As for living wills, they generally do not have to be executed with the same formality as a last will and testament, but this does not mean they shouldn't be. In fact, living wills are often executed at the same time as a last will and testament, using the very same witnesses and procedures to ensure that the living will is consistent with an individual's stated intentions and desires should he or she not be in a position to make the ultimate decision.
Health Care Proxies
A health care proxy enables an individual to designate an agent to make health care decisions for the individual when the individual cannot make such decisions for himself or herself. Pursuant to New York Public Health Law sections 2980 through 2994, any competent adult who is 18 years or older is authorized to appoint an agent. However, in order to be effective, a health care proxy must be executed and dated by the principal in the presence of two adult witnesses, neither of whom is the agent who is designated in the instrument, and who must state that the principal executed the document voluntarily.
Powers of Attorney
A power of attorney is a document by which one individual ( i.e. , the principal) appoints another person as his or her agent. The principal can confer specific or broad powers upon the agent, and the extent of said powers are set forth in a form which is dictated by New York General Obligations Law section 5-1501.
Generally, there are two types of powers of attorney, a common power of attorney and a springing power of attorney. A common power of attorney enables an agent to act on the principal's behalf for specific or wide ranging activities and legal affairs such as signing legal documents, banking and a host of other personal or business activities.

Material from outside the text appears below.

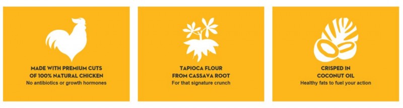 Wilde与Global Animal Partnership合作,充分关注动物福利,人工饲养的鸡不含抗生素和生长激素,从而保证能够提供最天然、最优质的鸡肉。使用来自木薯根的无麸质木薯粉,不含谷物也能产生令人满意的薯片脆度。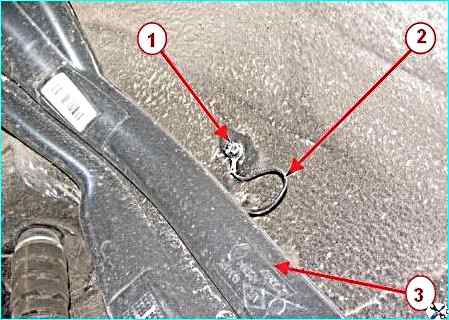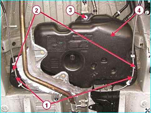 Отворачиваем две гайки 2 и два болта 3 крепления топливного бака.

With a springing power of attorney, an agent is designated to act on the principal's behalf at a specified future time or contingency. For example, a springing power of attorney may be used when one person cannot be present to sign a contract or act on his own behalf at a legal proceeding. A springing power of attorney can also be used to cover situations where a principal may become incapacitated and unable to attend to his or her own legal affairs. Typically, springing powers of attorney are revoked after a contingency has been met.
A durable power of attorney is one which survives the occurrence of a contingency or event and enables the agent to act even where the principal is no longer incapacitated.